Two months after Vic passed away, I was “unfriended” from his Facebook account. In their eyes, my grief isn’t valid because I’m the ex-wife, while they’re “the family.” But what they choose to forget is that I shared twenty years of my life with Vic - through the ups and downs, through raising our son, through everything that made us who we were.

All I’ve ever asked for were sentimental keepsakes - photos of Vic and Kenzo together. That’s what mattered to me. Instead, I was met with cruel words: “As his ex-wife, you’re lucky to even get the house and the car.”

Those words cut deep because they are simply not true. I didn’t get the house. I didn’t get the car. There’s nothing in Vic’s will that leaves me any of that. What I’ve been left with is not possessions, but the endless paperwork, the responsibility, and the heavy grief of raising our son without his father.

Meanwhile, the things that truly matter - the memories, the photos, the small pieces of him that I wanted to keep for Kenzo - were dismissed as unimportant.
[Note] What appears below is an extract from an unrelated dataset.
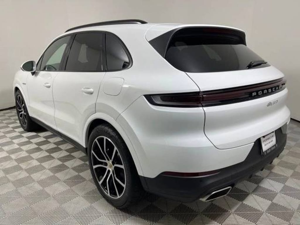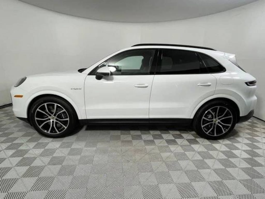 Certified. White 2024 Porsche Cayenne E-Hybrid 3.0L V6 Plug-In Hybrid Turbocharged 8-Speed Automatic with Tiptronic AWD Panoramic Roof System 4A4 Heated Seats (Rear) 9VL BOSE Surround Sound-System QQ1 Ambient Lighting PY3 Porsche InnoDrive incl. Adaptive Cruise Control (ACC) and Active Lane Keep Assist (ALK) $1,320 3S2 Roof Rails in Black Aluminum Finish $830 QJ4 Window Trim in High Gloss Black $400 1BK Adaptive Air Suspension incl. Porsche Active Suspension Management (PASM) $2,390 1P7 Porsche Dynamic Chassis Control (PDCC) $3,590 0N5 Rear Axle Steering $1,280 1PD Locking Wheel Bolts $60 43I 21" Exclusive Design Wheels in High Gloss Black $4,390 Q2J Power Seats (14-way) with Comfort Memory $1,290 2PJ Heated GT Sport Steering Wheel in Leather $590 4D3 Ventilated Seats (Front) $850 KA6 Surround View $830 GZ2 Soft Close Doors $720 2V3 Air Quality System $460 3Y7 Power Sunblind for Rear Side Windows $650, 3.0L V6 Plug-In Hybrid Turbocharged, 14-Way Power Seats w/Comfort Memory, Adaptive Air Suspension, Adaptive Cruise Control, Air Quality System, Ambient Lighting, BOSE Surround Sound System, Front Ventilated Seats, Heated GT Sport Steering Wheel in Leather, Locking Wheel Bolts, Panoramic Roof System, Porsche Dynamic Chassis Control, Power Sunblind for Rear Side Windows, Premium Package, Rear Axle Steering, Rear Heated Seats, Roof Rails in Black Aluminum Finish, Soft Close Doors, Surround View, Wheels: 21" Exclusive Design in High Gloss Black, Window Trim in High Gloss Black.

Why is it that love and grief are treated like a competition? My grief is no less valid just because I was once his wife and not his sibling or parent. Cruel words can’t erase the truth: Vic and I shared two decades of life together, and we share a son who misses his dad every single day.

In the end, what matters most isn’t who holds the house keys or car papers - it’s who holds the memories, the love, and the responsibility to carry them forward. For Kenzo, that’s me. I will keep honoring his father, no matter what words are thrown my way.

Because grief isn’t measured in possessions or titles. It’s measured in the quiet spaces - in the way a son picks up a basketball and still expects to hear his dad’s voice cheering him on, in the way an old photo can bring both tears and comfort, in the way love refuses to vanish even when someone is gone.

If you’ve ever been told your grief doesn’t count, know this: your grief is yours, and it is valid. Love doesn’t end when relationships shift, or when families divide, or when people pass on. Love continues - in the memories, in the responsibilities we take up, and in the stories we carry forward.

For Kenzo, I’ll keep carrying those stories. And in that way, Vic will always remain with us.